ORB_GMS图像对齐

// OpenCV_Align.cpp : 此文件包含 "main" 函数。程序执行将在此处开始并结束。

#include <iostream>

#include <opencv2/opencv.hpp>
#include <opencv2/xfeatures2d.hpp>
#include <opencv2/features2d.hpp>
using namespace std;
using namespace cv;
using namespace cv::xfeatures2d;


/**
*
* @param im1 对齐图像
* @param im2 模板图像
* @finalMatches 匹配图像
* @param im1Reg 输出图像
* @param h   
*/
void alignImages(Mat &im1, Mat &im2, Mat &finalMatches,Mat &im1Reg, Mat &h)
{
    // Convert images to grayscale
    Mat im1Gray, im2Gray;
    cvtColor(im1, im1Gray, COLOR_BGR2GRAY);
    cvtColor(im2, im2Gray, COLOR_BGR2GRAY);

    // Variables to store keypoints and descriptors
    vector<KeyPoint> keypoints1, keypoints2;
    Mat descriptors1, descriptors2;
    
  
    Ptr<ORB> orb = ORB::create(1000); //最大数目感觉是对特征点计算Harris得分排序,这个数最好大一点，1000-5000
    orb->setFastThreshold(20);//Fast角点检测中用来确定候选点和角点的比较数目阈值，这个数最好小一点，5-10左右。

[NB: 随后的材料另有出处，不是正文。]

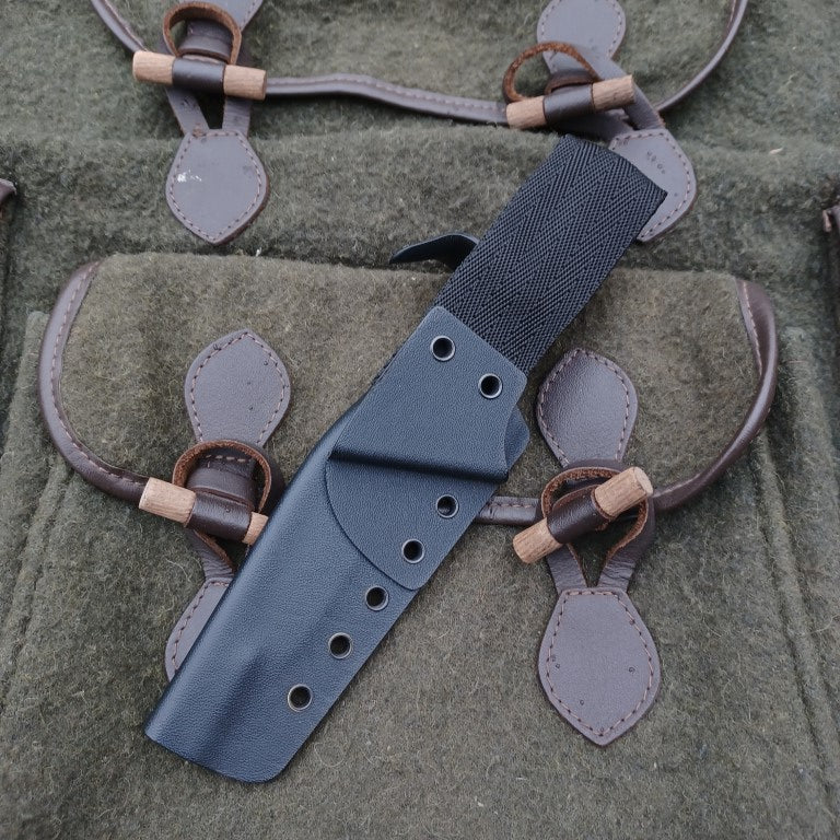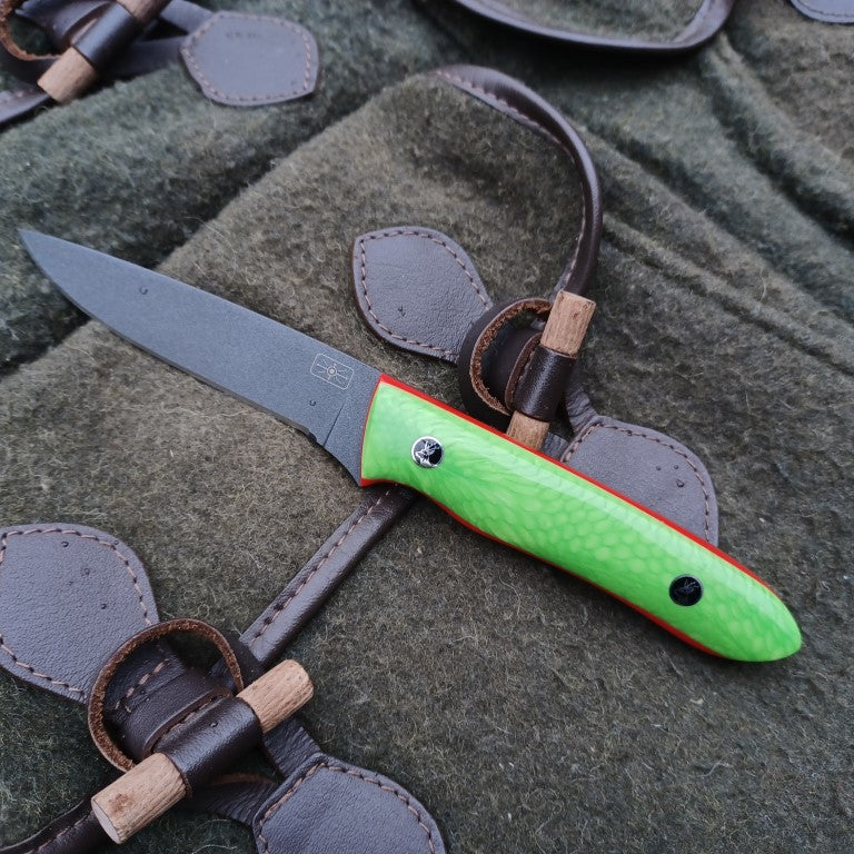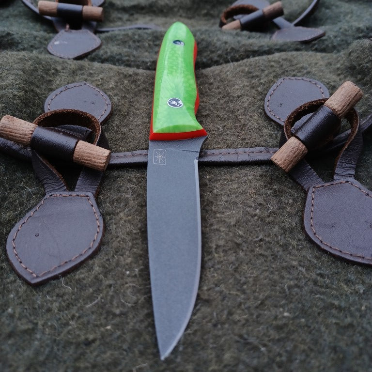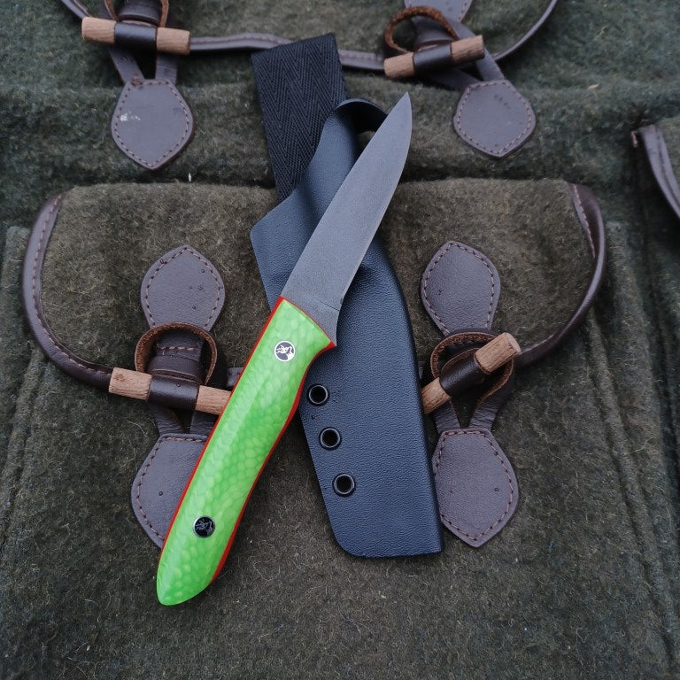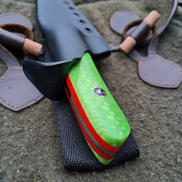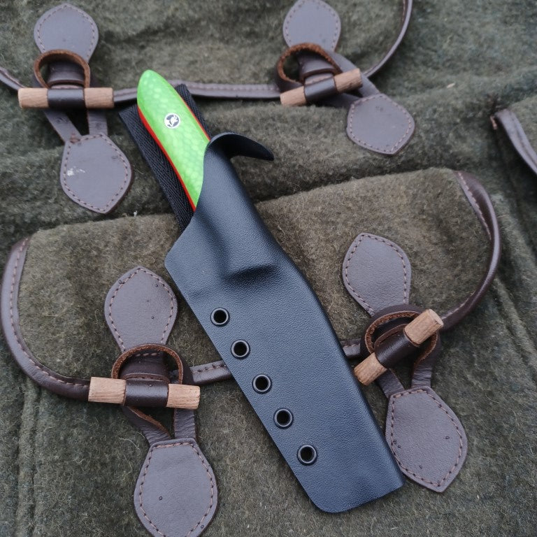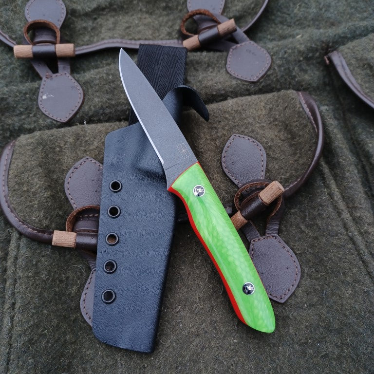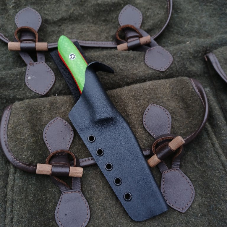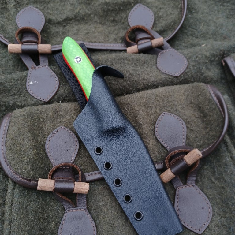 This Roe Stalker knife has been fitted with Green Mamba Juma scales and red G10 liners, these have been fitted to the blade with Stainless Roe Buck pins. And comes with a Black Kydex sheath.

太大有可能提取不到几个点，再经过细筛就没了

    orb->detectAndCompute(im1Gray, Mat(), keypoints1, descriptors1);
    orb->detectAndCompute(im2Gray, Mat(), keypoints2, descriptors2);

    // Match features. 
    vector<DMatch> matches, matchesGMS;

   //FALNN匹配的计算速度会比暴力匹配快些，但是点相对稳定性差些

    Ptr<DescriptorMatcher> matcher = DescriptorMatcher::create("BruteForce-Hamming");
    matcher->match(descriptors1, descriptors2, matches, Mat());

    cout << "matches: " << matches.size() << endl; 

    matchGMS(im1.size(), im2.size(), keypoints1, keypoints2, matches, matchesGMS);
    cout << "matchesGMS: " << matchesGMS.size() << endl;



    drawMatches(im1, keypoints1, im2, keypoints2, matchesGMS, finalMatches);
    

    vector<Point2f> points1, points2;
    for (size_t i = 0; i < matchesGMS.size(); i++)   
    {
        //queryIdx是对齐图像的描述子和特征点的下标。
        points1.push_back(keypoints1[matchesGMS[i].queryIdx].pt);
        //queryIdx是是样本图像的描述子和特征点的下标。
        points2.push_back(keypoints2[matchesGMS[i].trainIdx].pt);
    }


    // Find homography 
    h = findHomography(points1, points2, RANSAC);

    // Use homography to warp image 
    warpPerspective(im1, im1Reg, h, im2.size());
}


int main()
{
    // Read image to be aligned 
    string imFilename("D:/222.jpg");
    cout << "Reading image to align : " << imFilename << endl;
    Mat im = imread(imFilename);

    // Read reference image 
    string refFilename("D:/refer.jpg");
    cout << "Reading reference image : " << refFilename << endl;
    Mat imReference = imread(refFilename);

    // Registered image will be resotred in imReg.
    // The estimated homography will be stored in h.
    Mat im_Aligned, h, final_Match;

    double detecttime = (double)getTickCount();
    // Align images
    cout << "Aligning images ..." << endl;
    alignImages(im, imReference, final_Match,im_Aligned, h);



    //计算检测时间
    detecttime = ((double)getTickCount() - detecttime) / getTickFrequency();
    printf("-----cost time-------:%7.3fs\n", detecttime);

    
    // Write aligned image to disk.
    string outFilename("aligned.jpg");
    cout << "Saving aligned image : " << outFilename << endl;
    imwrite(outFilename, im_Aligned);
    imwrite("matches.jpg", final_Match);
    
    // Print estimated homography
    cout << "Estimated homography : \n" << h << endl;
    system("pause");
    return 0;
}